INPUT DATA
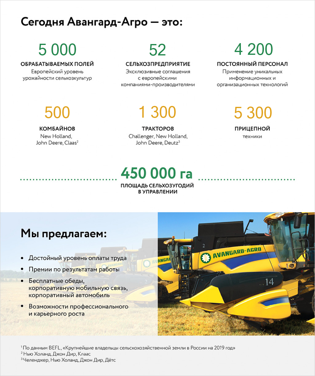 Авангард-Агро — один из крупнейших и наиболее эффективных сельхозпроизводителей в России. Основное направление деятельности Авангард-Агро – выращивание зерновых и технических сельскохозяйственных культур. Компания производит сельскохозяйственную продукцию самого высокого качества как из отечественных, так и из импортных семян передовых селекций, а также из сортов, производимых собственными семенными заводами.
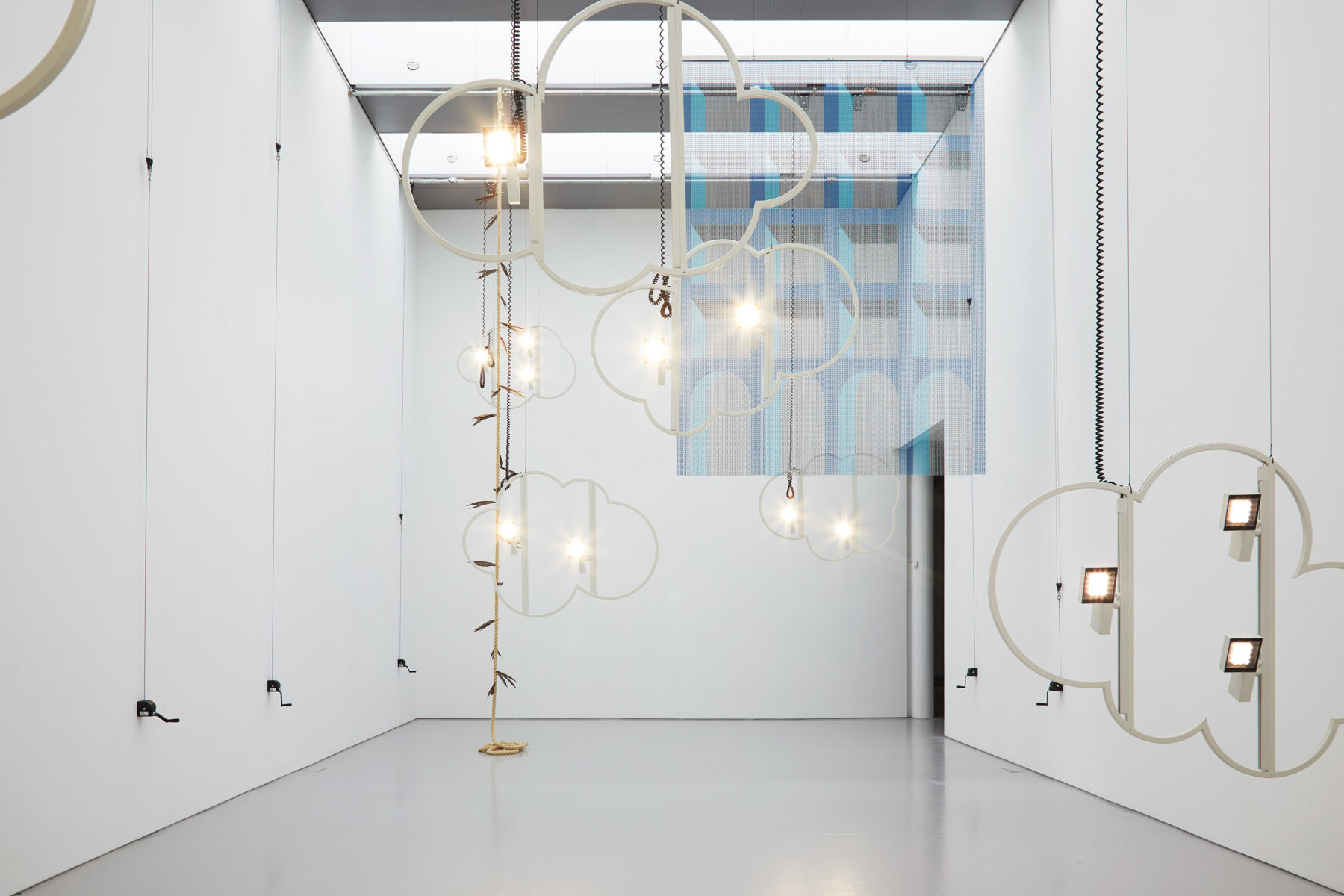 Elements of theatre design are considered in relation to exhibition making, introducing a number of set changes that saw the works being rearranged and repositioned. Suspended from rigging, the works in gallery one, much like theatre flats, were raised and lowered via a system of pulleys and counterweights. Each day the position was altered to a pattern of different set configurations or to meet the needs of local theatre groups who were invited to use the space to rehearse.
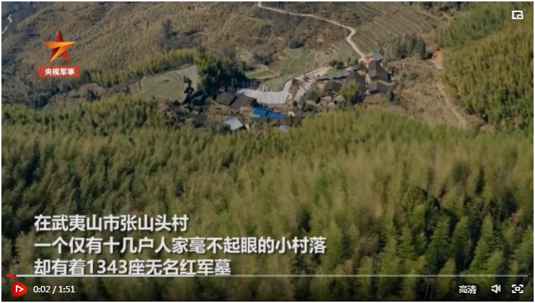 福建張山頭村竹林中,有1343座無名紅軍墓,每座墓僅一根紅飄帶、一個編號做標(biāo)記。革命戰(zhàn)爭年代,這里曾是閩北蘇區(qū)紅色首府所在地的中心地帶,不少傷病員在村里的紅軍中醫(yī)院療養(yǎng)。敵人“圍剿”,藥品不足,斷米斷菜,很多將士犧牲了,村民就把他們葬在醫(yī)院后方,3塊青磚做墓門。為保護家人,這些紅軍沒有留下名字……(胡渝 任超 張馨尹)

TASK PROMPT
Return an exact copy of the data above, apart from any pictures.

EXERCISE SOLUTION
 Авангард-Агро — один из крупнейших и наиболее эффективных сельхозпроизводителей в России. Основное направление деятельности Авангард-Агро – выращивание зерновых и технических сельскохозяйственных культур. Компания производит сельскохозяйственную продукцию самого высокого качества как из отечественных, так и из импортных семян передовых селекций, а также из сортов, производимых собственными семенными заводами.
 Elements of theatre design are considered in relation to exhibition making, introducing a number of set changes that saw the works being rearranged and repositioned. Suspended from rigging, the works in gallery one, much like theatre flats, were raised and lowered via a system of pulleys and counterweights. Each day the position was altered to a pattern of different set configurations or to meet the needs of local theatre groups who were invited to use the space to rehearse.
 福建張山頭村竹林中,有1343座無名紅軍墓,每座墓僅一根紅飄帶、一個編號做標(biāo)記。革命戰(zhàn)爭年代,這里曾是閩北蘇區(qū)紅色首府所在地的中心地帶,不少傷病員在村里的紅軍中醫(yī)院療養(yǎng)。敵人“圍剿”,藥品不足,斷米斷菜,很多將士犧牲了,村民就把他們葬在醫(yī)院后方,3塊青磚做墓門。為保護家人,這些紅軍沒有留下名字……(胡渝 任超 張馨尹)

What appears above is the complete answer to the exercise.